» **INSTRUCTIONS TO FOLLOW**:
An exact copy of the data is required; the images should not appear in it.

» **MATERIAL FOR THE TASK**:
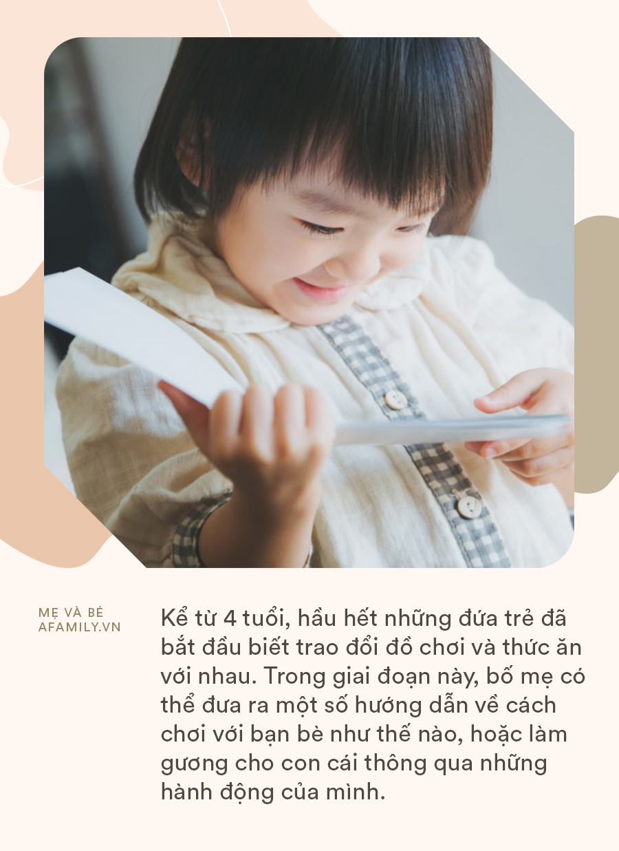 Kể từ 4 tuổi, hầu hết những đứa trẻ đã bắt đầu biết trao đổi đồ chơi và thức ăn với nhau. Chúng cũng bắt đầu biết thích chơi với những bạn có cùng sở thích với mình. Đặc biệt, khi đi học mẫu giáo, trẻ có cơ hội tiếp xúc với nhiều bạn bè hơn, bản thân trẻ sẽ trải qua những mối quan hệ giữa các cá nhân.
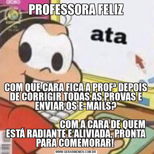 PROFESSORA FELIZ COM QUE CARA FICA A PROFª DEPOIS DE CORRIGIR TODAS AS PROVAS E ENVIAR OS E-MAILS? COM A CARA DE QUEM ESTÁ RADIANTE E ALIVIADA, PRONTA PARA
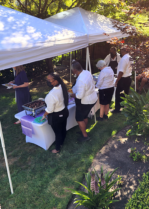 Our cobbler is now glowing after the joining of the butter and sugar on top of the crust after it finishes baking. This is what a Peach Cobbler should look … and taste like!
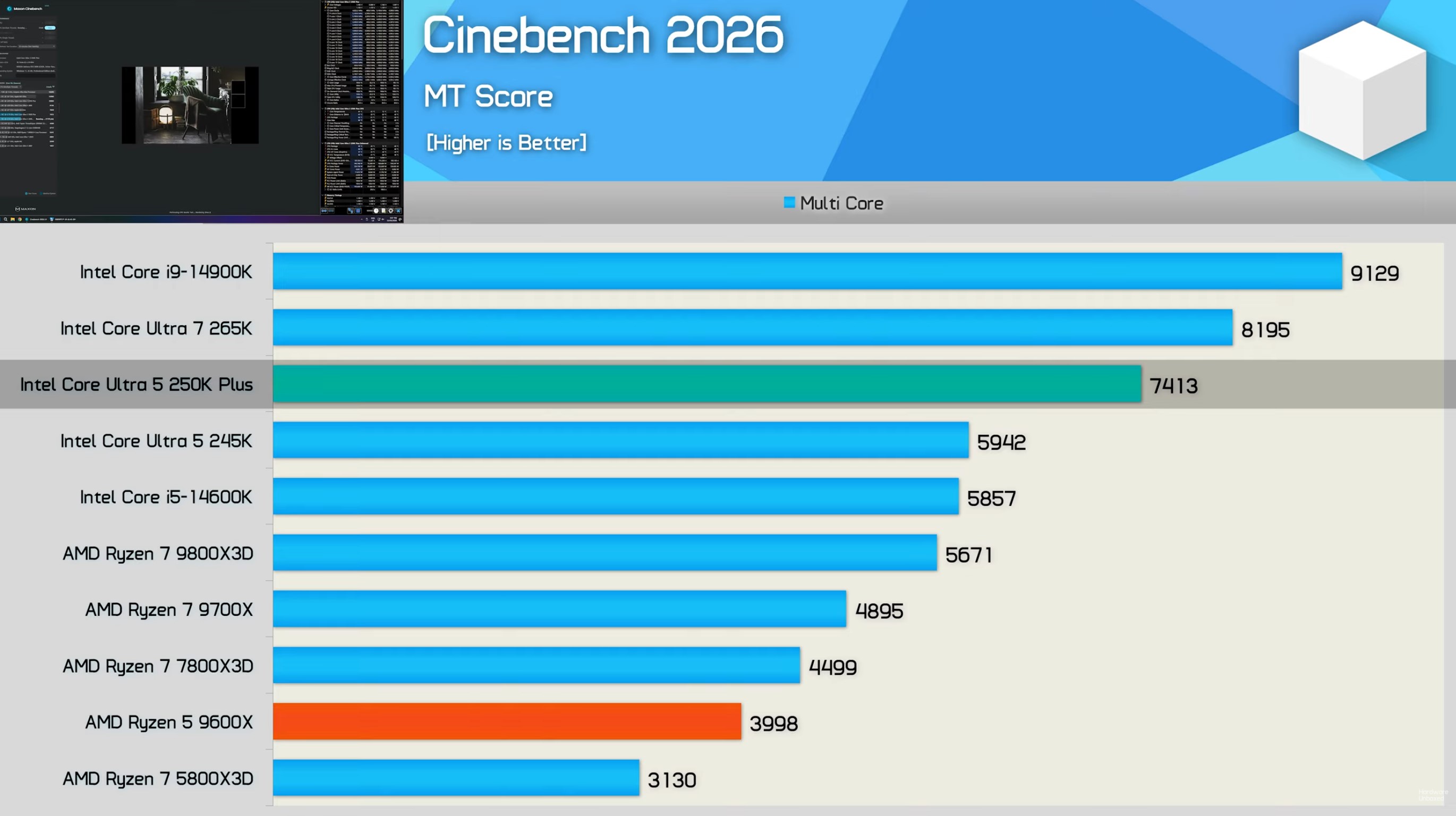 Новые процессоры протестировали и в бенчмарках. В Cinebench 250K Plus оказалась на 85% мощнее AMD Ryzen 5 9600X, а также на 35 и 53% быстрее, чем Ryzen 7 9850X3D и Ryzen 7 9800X3D соответственно. Разница в мощности между 250K Plus и 245K составила 25%.
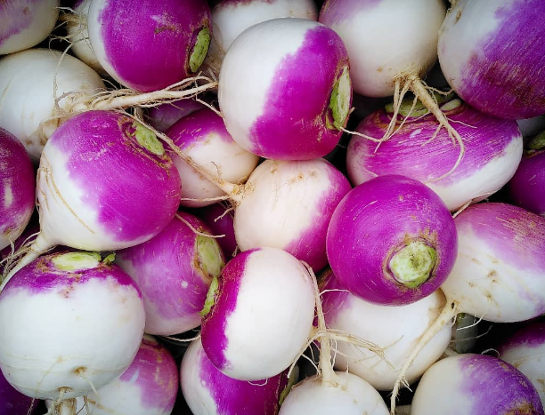 | #1308 TURNIP (RAPHANUS SATIVUS) (O.P.)(ORG.)(HERIT.) Purple Top White Globe Turnip Heirloom variety dating back to the 1800s. Excellent storage quality. Tastes best when harvested at 3-4”. Consistent quality even if they become big. Finely fibrous white-fleshed, mild-tasting. ⛅ Biennial, Height: 12″, 6″(w), -11°C Seeds(150) |
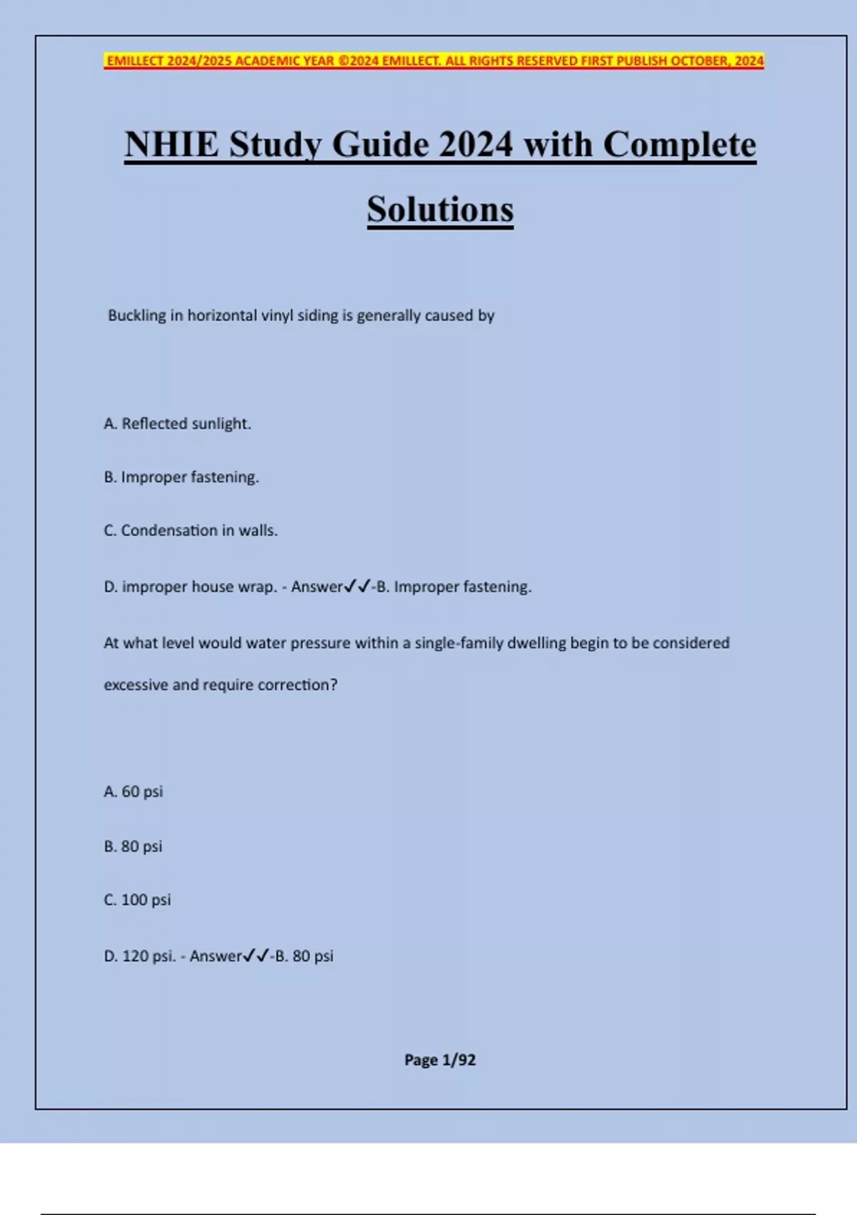 NHIE Study Guide 2024 with Complete Solutions Buckling in horizontal vinyl siding is generally caused by A. Reflected sunlight. B. Improper fastening. C. Condensation in walls. D. improper house wrap. - Answer-B. Improper fastening. At what level would water pressure within a single-family dwelling begin to be considered excessive and require correction? A. 60 psi B. 80 psi C. 100 psi D. 120 psi. - Answer-B. 80 psi EMILLECT 2024/2025 ACADEMIC YEAR ©2024 EMILLECT. ALL RIGHTS RESERVED FIRST PUBLISH OCTOBER, 2024 Page 2/92 A newer home with electric heat is being inspected. It has a below grade finished basement containing a bedroom, The inspector should look for a smoke alarm and A. An escape and rescue opening. B. carbon monoxide alarm. C. fire extinguisher. D. safety ladder. - Answer-A. An escape and rescue opening. A swimming pool fence must prevent passage of a sphere that is larger than A. 2 inches. B. 3 inches. C. 4 inches. D. 5 inches. - Answer-C. 4 inches. If water infiltration is suspected behind a finished surface. What tool would be the best choice to verify dampness? A. an infrared thermometer B. a pin-type moisture meter EMILLECT 2024/2025 ACADEMIC YEAR ©2024 EMILLECT. ALL RIGHTS RESERVED FIRST PUBLISH OCTOBER, 2024 Page 3/92 C. a non-contact moisture meter D. a digital camera - Answer-C. a non-contact moisture meter Gas-fired furnace heat exchangers most often fail from A. Low temperatures. B. Lack of use. C. Improper gas pressure. D. Rust and metal fatigue. - Answer-D. Rust and metal fatigue. Relative Humidity (RH) is expressed as A. volume. B. percentage. C. capacity. D. temperature. - Answer-B. percentage. Connections of dissimilar metal in plumbing system, such as galvanized steel pipe and copper pipe, will usually EMILLECT 2024/2025 ACADEMIC YEAR ©2024 EMILLECT. ALL RIGHTS RESERVED FIRST PUBLISH OCTOBER, 2024 Page 4/92 A. reduced water pressure B. decreased water quality C. Glazed pipes D. Electrolysis - Answer-D. Electrolysis A Ground fault circuit interrupter (GFCI) is a safety device that A. disconnects power when the grounding to the outlet is faulty. B. detects moisture and disconnects power in wet locations. C. disconnects the power when sensing current leakage to ground. D. protects against electrical surges and voltage spikes. - Answer-C. disconnects the power when sensing current leakage to ground. An electrical system with a fuse on the neutral condu
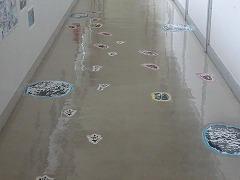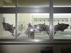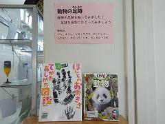 理科室前の廊下にたくさんの「動物の足跡(実物大)」が出現しました。窓ガラスには、コウモリの足跡が、廊下には動物を色別にけて分けて、アフリカゾウ、キリン、カンガルー、リスなどの動物の足跡が貼られています。これらは、図書館司書の 澤野 さんと図書館ボランティアの 梶 さんが「ほんとのおおきさ・てがた あしがた図鑑( 小宮 輝之 著 Gakken 2013 )」を参考につくってくださいました。理科室前が楽しくなりました。
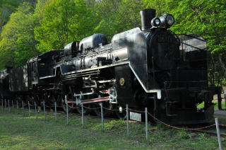 新内駅跡は,狩勝高原SL広場として整備されており,SL59672と20系寝台車3両が展示されており,SL運転席に入ることもできました。 |
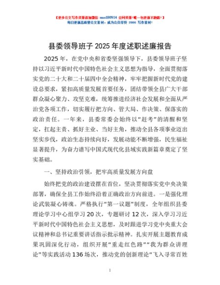 / 县委领导班子2025年度述职述廉报告
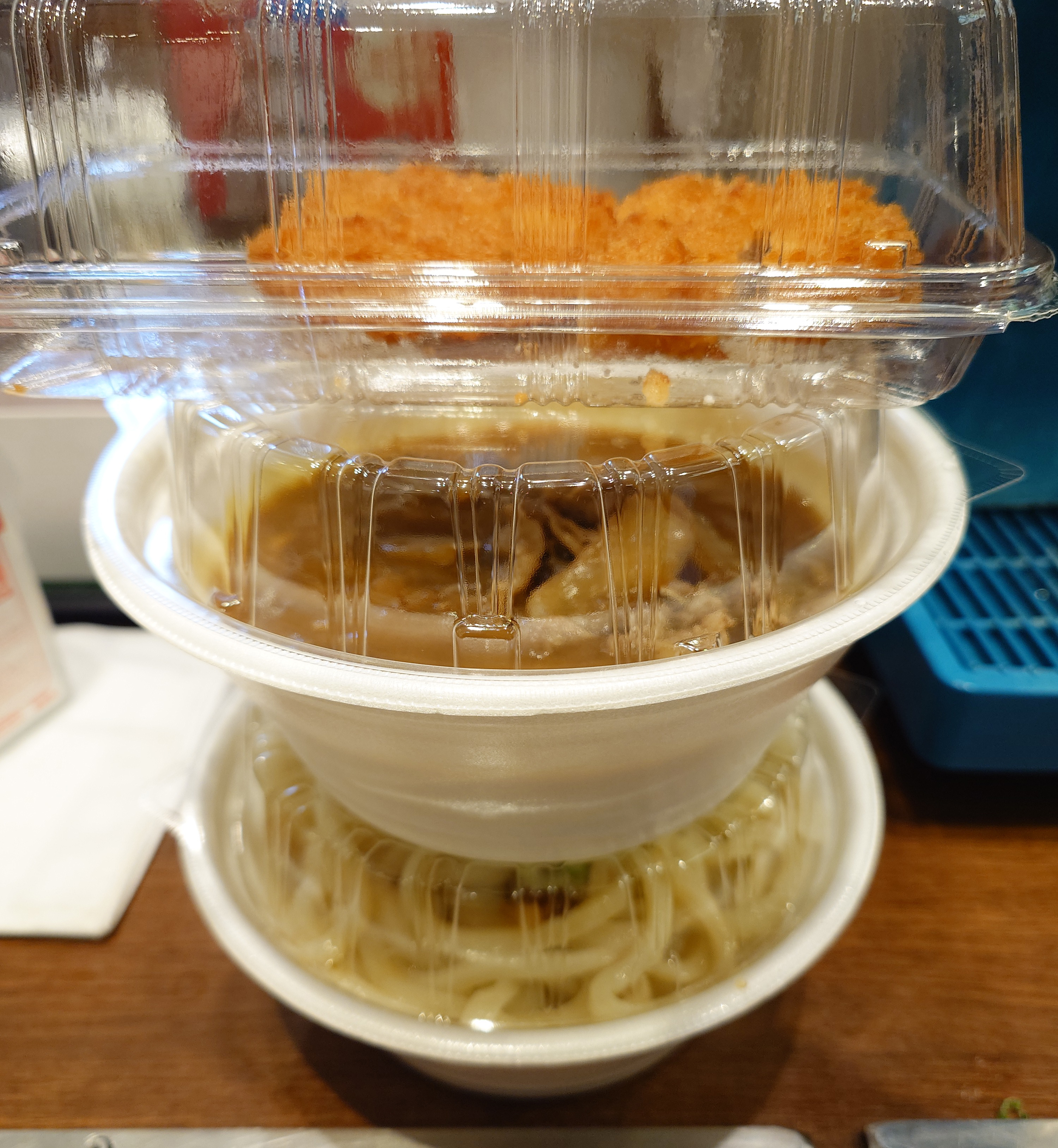 ということで販売店舗へ。今回は重量を計測したいのでテイクアウトした。「あふれ盛り 肉カレーうどん」の販売店舗および、テイクアウト対応店舗の一覧は公式HPから確認できる。

» **WRITTEN RESPONSE**:
 Kể từ 4 tuổi, hầu hết những đứa trẻ đã bắt đầu biết trao đổi đồ chơi và thức ăn với nhau. Chúng cũng bắt đầu biết thích chơi với những bạn có cùng sở thích với mình. Đặc biệt, khi đi học mẫu giáo, trẻ có cơ hội tiếp xúc với nhiều bạn bè hơn, bản thân trẻ sẽ trải qua những mối quan hệ giữa các cá nhân.
 PROFESSORA FELIZ COM QUE CARA FICA A PROFª DEPOIS DE CORRIGIR TODAS AS PROVAS E ENVIAR OS E-MAILS? COM A CARA DE QUEM ESTÁ RADIANTE E ALIVIADA, PRONTA PARA
 Our cobbler is now glowing after the joining of the butter and sugar on top of the crust after it finishes baking. This is what a Peach Cobbler should look … and taste like!
 Новые процессоры протестировали и в бенчмарках. В Cinebench 250K Plus оказалась на 85% мощнее AMD Ryzen 5 9600X, а также на 35 и 53% быстрее, чем Ryzen 7 9850X3D и Ryzen 7 9800X3D соответственно. Разница в мощности между 250K Plus и 245K составила 25%.
 | #1308 TURNIP (RAPHANUS SATIVUS) (O.P.)(ORG.)(HERIT.) Purple Top White Globe Turnip Heirloom variety dating back to the 1800s. Excellent storage quality. Tastes best when harvested at 3-4”. Consistent quality even if they become big. Finely fibrous white-fleshed, mild-tasting. ⛅ Biennial, Height: 12″, 6″(w), -11°C Seeds(150) |
 NHIE Study Guide 2024 with Complete Solutions Buckling in horizontal vinyl siding is generally caused by A. Reflected sunlight. B. Improper fastening. C. Condensation in walls. D. improper house wrap. - Answer-B. Improper fastening. At what level would water pressure within a single-family dwelling begin to be considered excessive and require correction? A. 60 psi B. 80 psi C. 100 psi D. 120 psi. - Answer-B. 80 psi EMILLECT 2024/2025 ACADEMIC YEAR ©2024 EMILLECT. ALL RIGHTS RESERVED FIRST PUBLISH OCTOBER, 2024 Page 2/92 A newer home with electric heat is being inspected. It has a below grade finished basement containing a bedroom, The inspector should look for a smoke alarm and A. An escape and rescue opening. B. carbon monoxide alarm. C. fire extinguisher. D. safety ladder. - Answer-A. An escape and rescue opening. A swimming pool fence must prevent passage of a sphere that is larger than A. 2 inches. B. 3 inches. C. 4 inches. D. 5 inches. - Answer-C. 4 inches. If water infiltration is suspected behind a finished surface. What tool would be the best choice to verify dampness? A. an infrared thermometer B. a pin-type moisture meter EMILLECT 2024/2025 ACADEMIC YEAR ©2024 EMILLECT. ALL RIGHTS RESERVED FIRST PUBLISH OCTOBER, 2024 Page 3/92 C. a non-contact moisture meter D. a digital camera - Answer-C. a non-contact moisture meter Gas-fired furnace heat exchangers most often fail from A. Low temperatures. B. Lack of use. C. Improper gas pressure. D. Rust and metal fatigue. - Answer-D. Rust and metal fatigue. Relative Humidity (RH) is expressed as A. volume. B. percentage. C. capacity. D. temperature. - Answer-B. percentage. Connections of dissimilar metal in plumbing system, such as galvanized steel pipe and copper pipe, will usually EMILLECT 2024/2025 ACADEMIC YEAR ©2024 EMILLECT. ALL RIGHTS RESERVED FIRST PUBLISH OCTOBER, 2024 Page 4/92 A. reduced water pressure B. decreased water quality C. Glazed pipes D. Electrolysis - Answer-D. Electrolysis A Ground fault circuit interrupter (GFCI) is a safety device that A. disconnects power when the grounding to the outlet is faulty. B. detects moisture and disconnects power in wet locations. C. disconnects the power when sensing current leakage to ground. D. protects against electrical surges and voltage spikes. - Answer-C. disconnects the power when sensing current leakage to ground. An electrical system with a fuse on the neutral condu
 理科室前の廊下にたくさんの「動物の足跡(実物大)」が出現しました。窓ガラスには、コウモリの足跡が、廊下には動物を色別にけて分けて、アフリカゾウ、キリン、カンガルー、リスなどの動物の足跡が貼られています。これらは、図書館司書の 澤野 さんと図書館ボランティアの 梶 さんが「ほんとのおおきさ・てがた あしがた図鑑( 小宮 輝之 著 Gakken 2013 )」を参考につくってくださいました。理科室前が楽しくなりました。
 新内駅跡は,狩勝高原SL広場として整備されており,SL59672と20系寝台車3両が展示されており,SL運転席に入ることもできました。 |
 / 县委领导班子2025年度述职述廉报告
 ということで販売店舗へ。今回は重量を計測したいのでテイクアウトした。「あふれ盛り 肉カレーうどん」の販売店舗および、テイクアウト対応店舗の一覧は公式HPから確認できる。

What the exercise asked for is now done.